# Tourist Visa 600 Query



## mail2notif (Nov 16, 2018)

I am applying for Australia Tourist Visa (600) to visit family (Brother in law). In Application, it says the following two questions in the visa application. 


Has the applicant held or does the applicant currently hold a visa to Australia or any other country?
Has the applicant ever had a visa for Australia or any other country refused or cancelled?

So I am wondering, do I need to mention all the countries for which I obtained Visa and travelled or didnt travel. 

Do I need to mention that recently my application for India was rejected as I am from Pakistani origin. Though I dont have any proof for this, as they notified me via call. Please advise. Thanks


----------



## KeeDa (Sep 1, 2014)

1. Only those that are still valid (not expired)- travelled or otherwise.
2. Yes, you have to mention your Indian visa refusal and the refusal reasons they told you.
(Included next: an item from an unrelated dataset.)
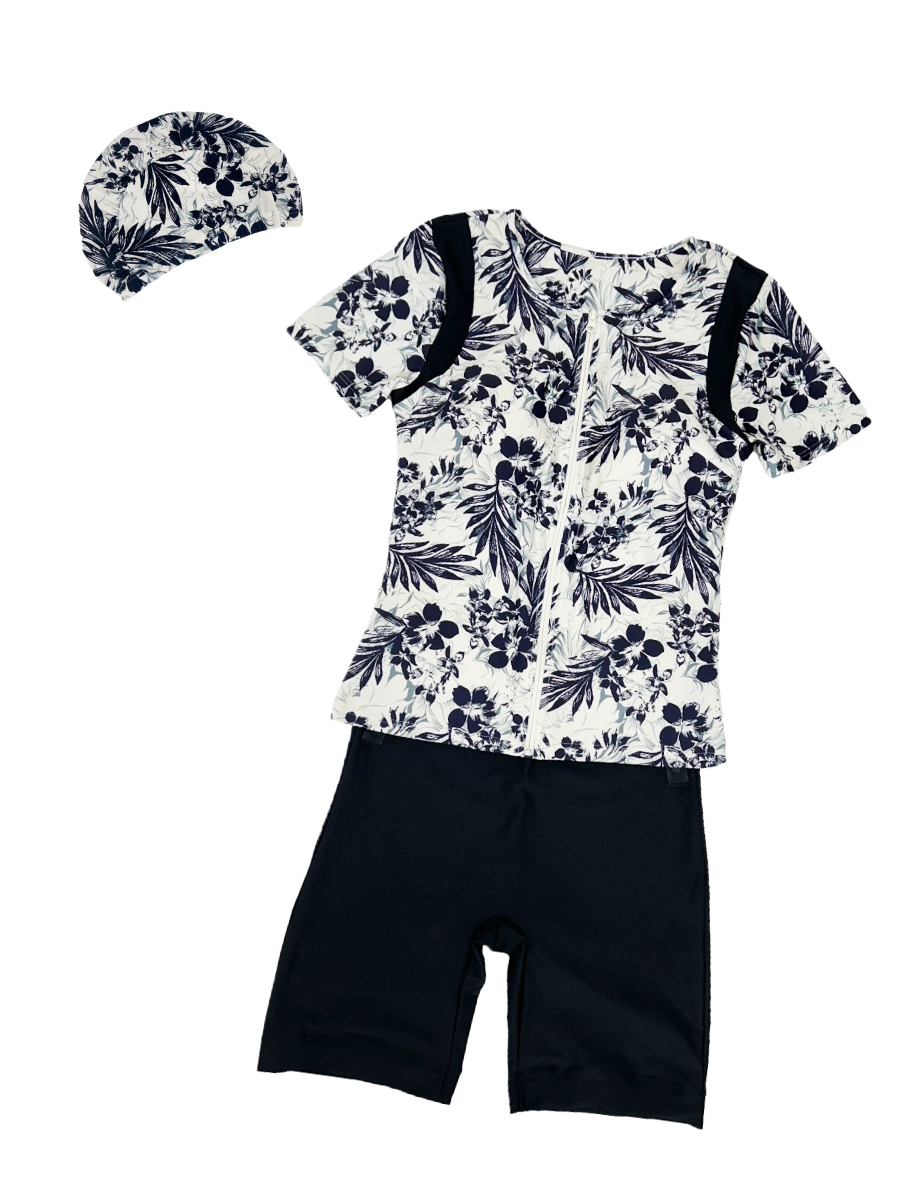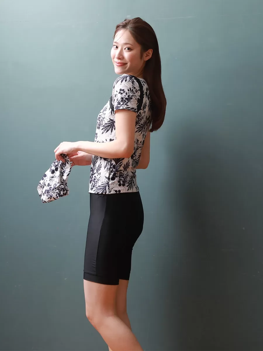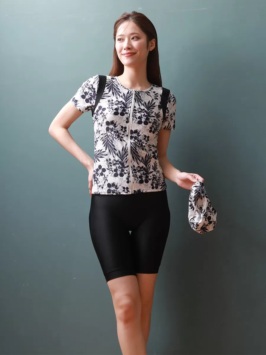 モノクロ線画フラワー半袖フィットネス水着

Evidence is not usually asked for, but if they do, I don't know where or whom to call to get a formal email/ letter about that refusal.


----------



## mail2notif (Nov 16, 2018)

KeeDa said:


> 1. Only those that are still valid (not expired)- travelled or otherwise.
> 2. Yes, you have to mention your Indian visa refusal and the refusal reasons they told you. Evidence is not usually asked for, but if they do, I don't know where or whom to call to get a formal email/ letter about that refusal.
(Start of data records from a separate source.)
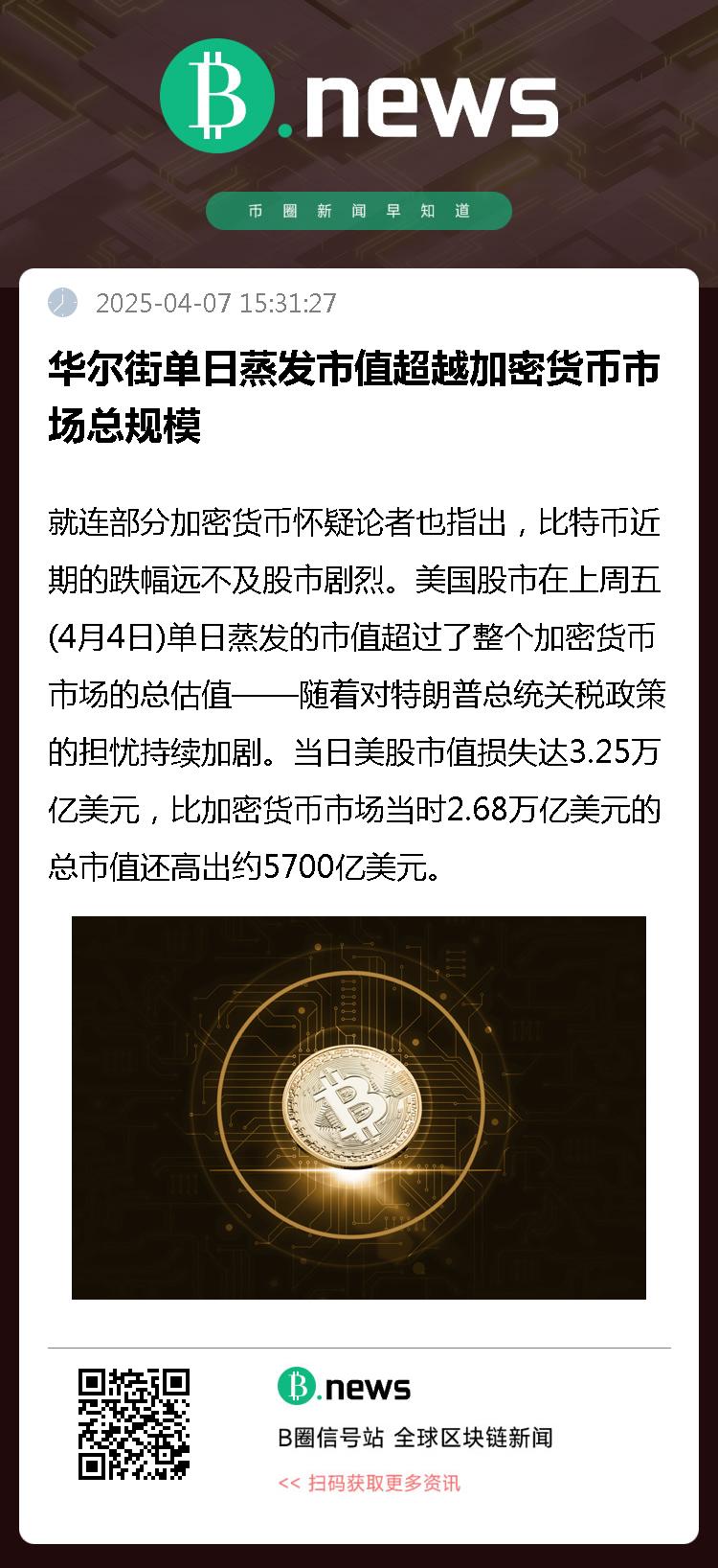 当日美股市值损失达3.25万亿美元,比加密货币市场当时2.68万亿美元的总市值还高出约5700亿美元。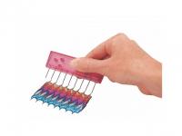 Uso: Arrastra el peine a través de la arcilla polimérica previamente acondicionada y lisa (sin cocer) para crear textura, vuelve a alisar para crear el efecto marmolado. También puedes puntear con esta herramienta la arcilla para crear una textura. Además puede usarse sobre Friendly Plastic ablandado para mezclar colores y modelos. Otra de sus posibilidades es mezclar arcilla polimérica líquida con tintas, polvos metálicos, pintura espesa, etc con ayuda de este peine para crear diferentes efectos.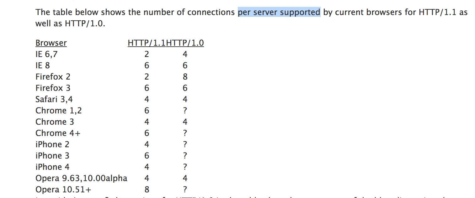 在不同浏览器中,同域名下的资源会有有并发限制,如下列表中显示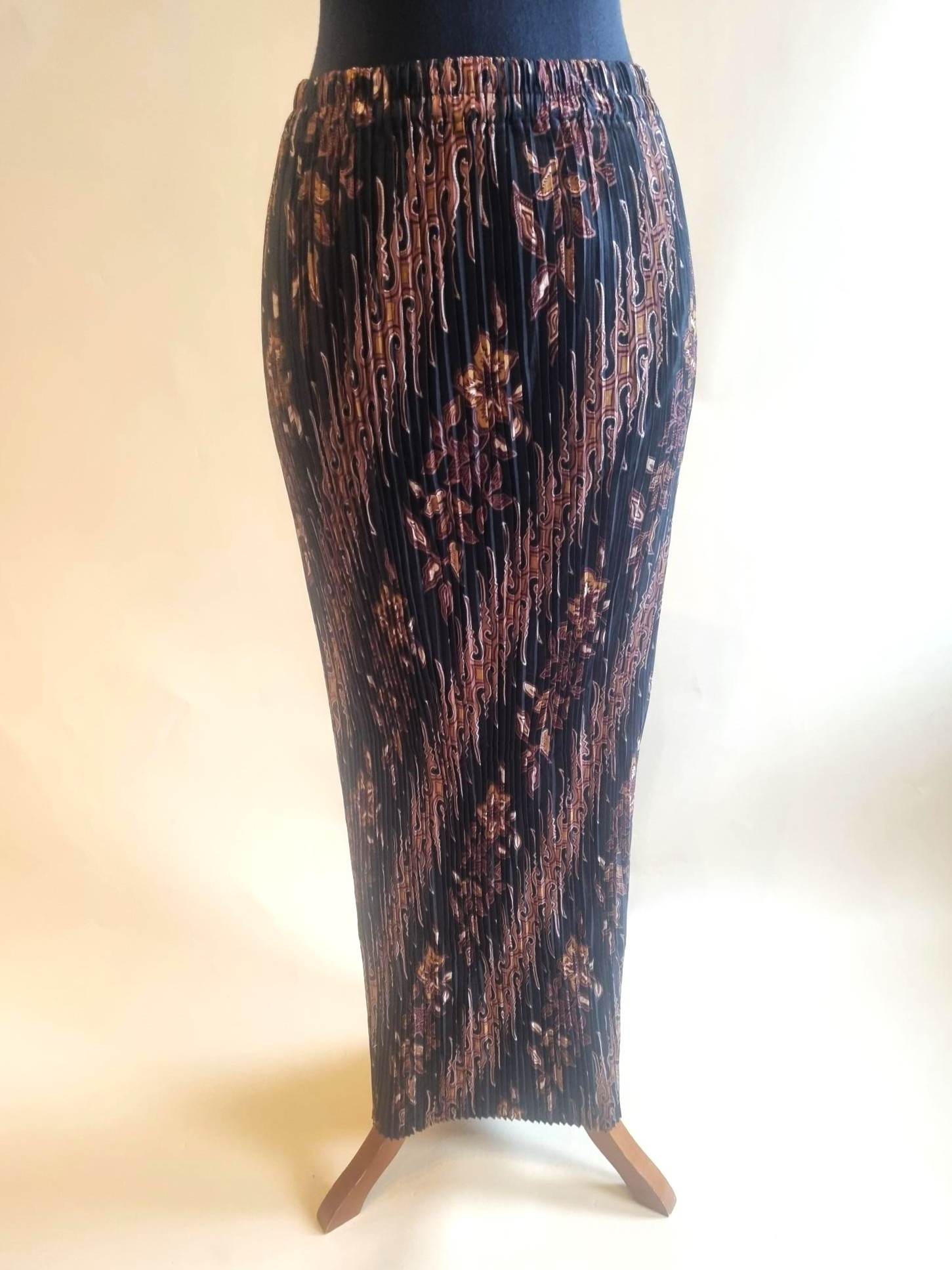 De rok plissé is gemaakt van elastisch rekbaar stof.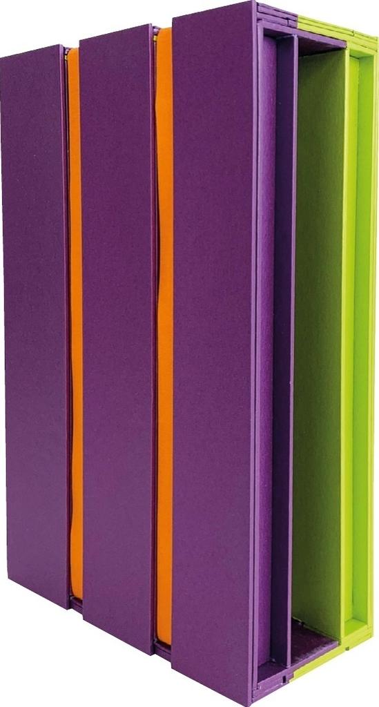 Voici un principe dans lequel les murs sont déconnectés des plats d’un côté, et se prolongent pour former des sortes de rabats de longueurs variables, qui viennent se fixer le long des plats (Bruno Cadiou, France) ou à l’intérieur des plats (Terrie Reddish, Nouvelle-Zélande). Bruno Cadiou propose un système semi-souple en gainage (âme / couvrure), Terrie Reddish un système en carte. Le point fort de l’étui de Bruno Cadiou est son originalité, avec un objet final ayant une esthétique plus proche de l’univers du sac ou du portefeuille que de l’emboîtage rigide traditionnellement mis en œuvre en reliure. La fonction expansion est bonne dans toutes les mesures intermédiaires, le contenu est bien protégé et les rabats qui collent aux plats avec des aimants ne posent pas trop de problèmes aux livres voisins sur les rayonnages. Un travail similaire en carte est moins convaincant car insuffisamment rigide. Notons que c’est le cas, de façon générale, des travaux en carte pour ce sujet. Une personne n’ayant pas envoyé son prototype a finalement développé le principe pour une reliure, nous verrons cela plus loin dans la partie Bonus.
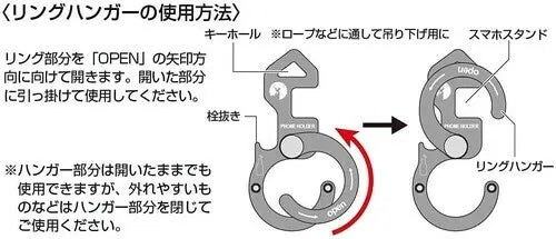 4吊り下げ可能(キーホール使用orリングハンガー使用)、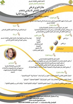 دعا الاتحاد العالمي للكشاف المسلم الاتحادات والهيئات والجمعيات والمجموعات الكشفية الإسلامية للمشاركة في النسخة الثانية لجائزة الراحل فوزي فرغلي للإبداع في العمل الكشفي الإسلامي من خلال رفع استمارة المشاركة بعد الاطلاع على ملف الجائزة الذي سوف يرسل لهم وسيتم نشره على صفحة الاتحاد ومواقع التواصل الاجتماعي .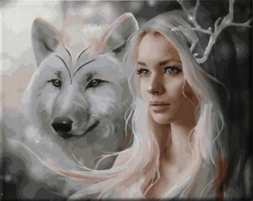 Malowanie Po Numerach Wilk Z Kobietą Biel 50X40 Cm Na Ramie Kreatywne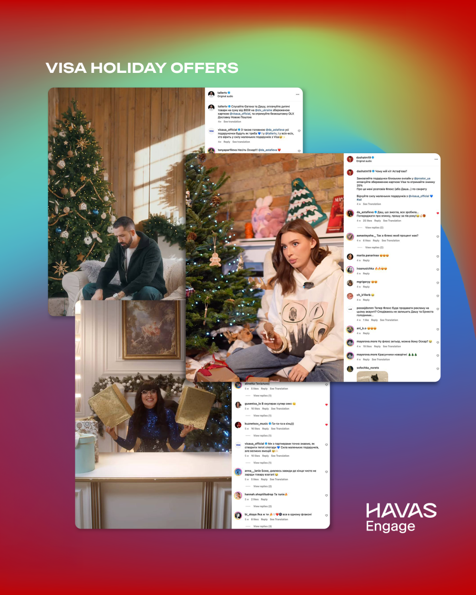 • У кампанії Visa Holiday Offers ми співпрацювали з блогерами для просування святкових пропозицій через Reels, TikTok, Stories та спільні дописи. Кампанія перевищила очікувані результати, а вдало підібрані блогери забезпечили найкращу ефективність колаборацій із Prostor, Аврора, Epicenter та OLX. (фото 1)

Thanks for the reply. That means, I would have to also inform about the visa where it was rejected at the first time but granted at subsequent application.


----------



## sibga77scorpion (7 mo ago)

mail2notif said:


> I am applying for Australia Tourist Visa (600) to visit family (Brother in law). In Application, it says the following two questions in the visa application.
> 
> 
> Has the applicant held or does the applicant currently hold a visa to Australia or any other country?
> ...


Hi bro i need to contact you as i am also traveler tourist and now will apply for Australia tourist visa sabclass 600.....*<SNIP>*


----------



## hamza-93 (Feb 10, 2019)

sibga77scorpion said:


> Hi bro i need to contact you as i am also traveler tourist and now will apply for Australia tourist visa sabclass 600..... *<SNIP>*


I hope you know that you've commented on a years old post. No one will message you on your personal whatsapp number here.
I suggest you to create a new post and post all your queries related to the visit visa.

Cheers


----------